Copy each line of the records exactly, stopping only after the line that contains "Pánské kalhoty R-PARKS" has been written, and leave pictures out.

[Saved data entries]

□ □ □

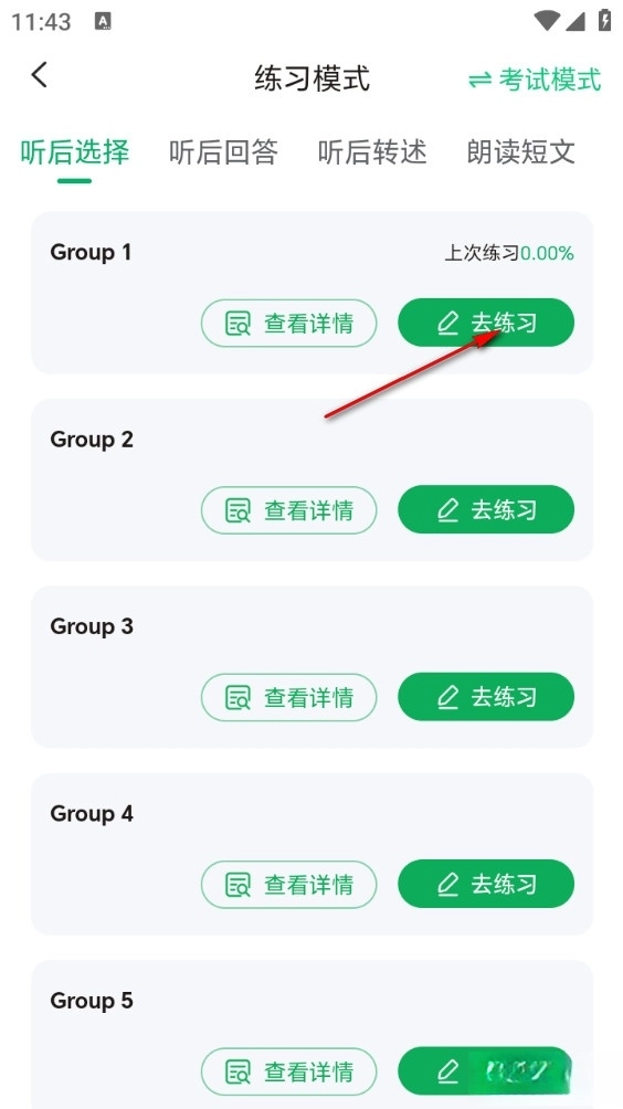 最后再点击去练习即可开始刷题
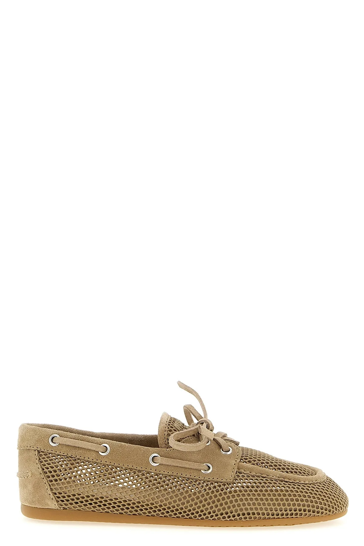 cod. 5D585EF0053KU1F0F24 Mesh and suede boat shoe with tone-on-tone logo embroidery on the front, almond toe, lace-up closure, rubber sole. Color: Beige Size & Fit: EU WOMEN Composition: 100% recycled polyester Made in: Italy PROMO CODE NOT APPLICABLE
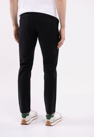 Pánské kalhoty R-PARKS mají nadčasový design, který se hodí ke všemu! Všestrannost není jedinou vlastností těchto kalhot. V první řadě jsou pohodlné. Černé kalhoty R-PARKS mají střih Regular, což znamená, že kalhoty nejsou ani příliš těsné na postavu, ani příliš volné. Tento střih je vhodný pro muže s klasickým tvarem postavy. Kalhoty R-PARKS jsou klasické chinos kalhoty se dvěma šikmými kapsami a jednou malou kapsičkou vpředu a dvěma průhmatovými kapsami s knoflíkem vzadu. Zajímavou ozdobou je i vazba látky - materiál má mírně vypouklou strukturu!
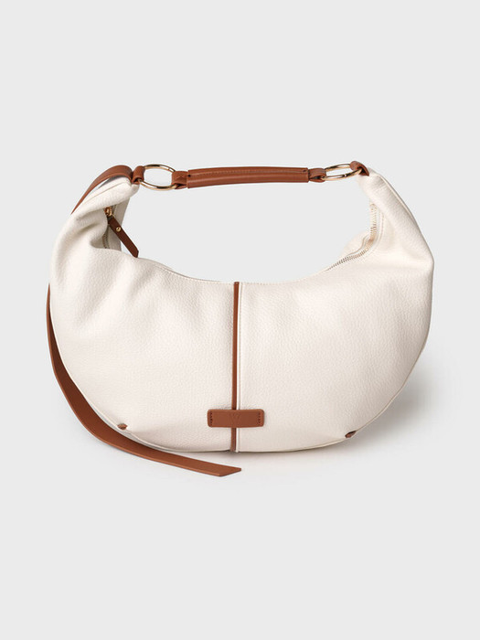 Женская сумка трендовой формы "луна". Сумка выполнена из мягкой искусственной кожи молочного цвета с отделкой  ремнями карамельного цвета. Сумку можно носить на плече. Сумка имеет одно отделение на молнии. Внутри есть три кармана: два открытых и один на молнии. Параметры сумки: высота - 30 см, ширина - 44 см, глубина - 6 см. В подарок идет брендированный пыльник.
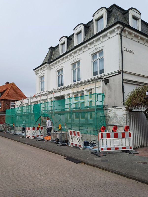 Zurück ins Dorf, wo in der Wilhelmstraße/Ecke Friesenstraße die Villa „Charlotte“ durch ein Juister Baugeschäft eine Fassadensanierung erhält. Das Haus wurde wenige Jahre vor der Jahrhundertwende (1900) von Heinrich Schröder erbaut. (Quelle: „Grüße aus Juist“ von Reinhold W. Feldmann, Burchana Verlag Borkum, 1981). Heute wird das Haus als Frühstückspension von der Juisterin Inka Extra geführt.
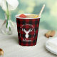 The product design features a silhouetted profile of a reindeer on a classic red and black buffalo plaid pattern. Combined with your own personalised text, this composition makes farmhouse country-style, modern, and unique paper cups for Thanksgiving, Christmas holiday, family reunion, or any other special gatherings!
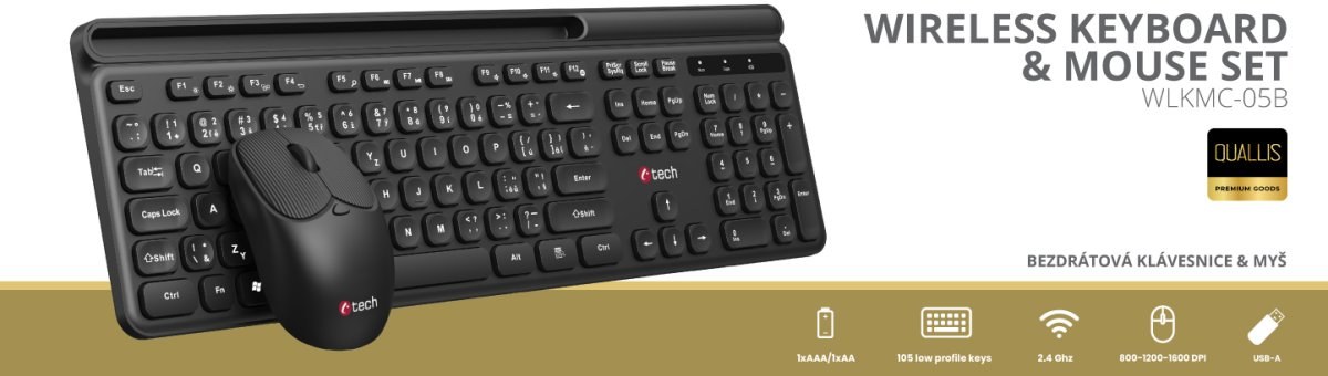 C-Tech Quallis WLKMC-05, bezdrôtový combo set klávesnica a myš, USB, CZ/SK, čierny

□ □ □

## EXERCISE SOLUTION
 最后再点击去练习即可开始刷题
 cod. 5D585EF0053KU1F0F24 Mesh and suede boat shoe with tone-on-tone logo embroidery on the front, almond toe, lace-up closure, rubber sole. Color: Beige Size & Fit: EU WOMEN Composition: 100% recycled polyester Made in: Italy PROMO CODE NOT APPLICABLE
 Pánské kalhoty R-PARKS mají nadčasový design, který se hodí ke všemu! Všestrannost není jedinou vlastností těchto kalhot. V první řadě jsou pohodlné. Černé kalhoty R-PARKS mají střih Regular, což znamená, že kalhoty nejsou ani příliš těsné na postavu, ani příliš volné. Tento střih je vhodný pro muže s klasickým tvarem postavy. Kalhoty R-PARKS jsou klasické chinos kalhoty se dvěma šikmými kapsami a jednou malou kapsičkou vpředu a dvěma průhmatovými kapsami s knoflíkem vzadu. Zajímavou ozdobou je i vazba látky - materiál má mírně vypouklou strukturu!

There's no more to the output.